他补充道:“当然,我可以帮你向上级申请,但得事前提醒你...引渡必须要有证据,否则在我国法律上是不允许的。”
“现在这个张次训是正经的菲律宾公民,有合法的身份、稳定工作,还有固定的住址,我们不能私下里把他交给你们,那是违法的。”
“我明白。”
别说菲律宾,就说韩半岛。
光李武哲知道的,想要从韩半岛引渡人犯,需要大量证据支持,还需要足够多的各部门的手续,两国司法部门还得反复沟通,走很长的流程。

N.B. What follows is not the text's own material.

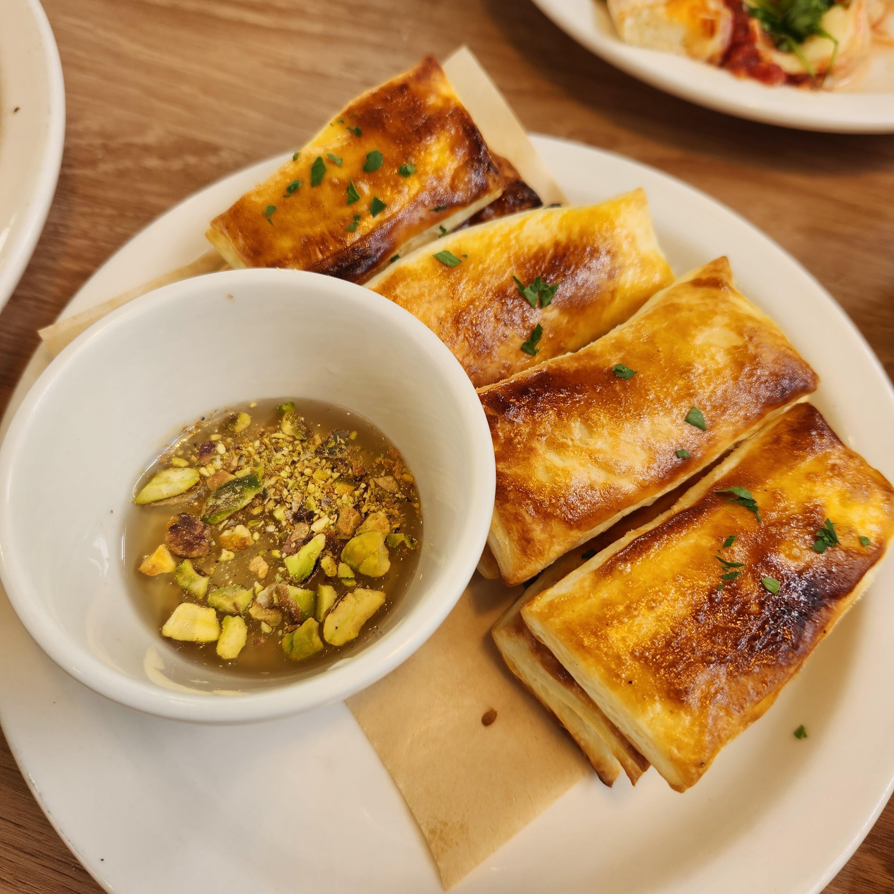 갓 구워진 페스츄리가 바삭, 고소하고 꿀에 찍어 먹으면 달달하다.

“桑托斯,你只需要把这件事提出来,让你们上级知道我们有这个诉求就可以。”
“至于证据...金正智就是最重要的证人,我们会让他开口的。”
桑托斯看看李武哲。
“好。”
他也相信,只要证据确凿,他们上级没有理由拒绝,两国关系这么好,总统月底就要访问韩半岛...
这点面子,总还是要给的。
“那桑托斯警官,正义..就拜托你了。”
在李武哲离开时,桑托斯有些愣神。
正义?
真的假的?
做了这些年警察,甚至做到这个级别,桑托斯很少见到这样的人。
信不信是一回事,能主动说出来...就已经很厉害了。
张次训的引渡问题,或许要等到李武哲回国之后,让外交部来商议了,现在主要还是走金正智这案的流程。
在等待流程的几天中,李武哲在马尼拉见到了最近一直在忙碌的韩半岛驻菲外交官。
约见的地方在马尼拉市中心一栋很漂亮的办公楼,他们出示了证件,才见到约他们过来的外交官。
外交官姓白,叫白锡照,四十多岁,正值壮年,穿着一件白色的短袖衬衫。
他见到李武哲的时候,表现得很是热情。
“李部长,辛苦了!”
他请李武哲在沙发上坐下,自己则坐在对面,双手交叠放在膝盖上,身体微微前倾,似在道歉,又像在解释。
“李部长,实在抱歉,”外交官并不觉得自己地位有多高,比起李武哲,他的地位并不算什么,外交官终究是要回国的。
“这些天我一直在忙阿罗月总统访问我们国家的事,跟国内来回沟通,不仅一天打好几十个电话,耳朵都快聋了,还得在这边的好多部门到处跑,实在没能和李部长一起行动,怠慢了。”
李武哲抬抬手,目光平平淡淡。
“白大使客气了,公事要紧,我能理解。”
白锡照结束了自己的道歉,可又特意多解释了一句,“阿罗约总统月底就要过去,我们这边得把所有的细节都敲定。从行程安排到警力部署,从礼宾接待到媒体采访,每一样都要反复确认,生怕出一点差错。”
“部长也知道,两国关系现在这么好,这次访问又是早就定下来的,况且北方人那边正在找事,我们得拉拢更多人,所以就更不能出任何问题了。”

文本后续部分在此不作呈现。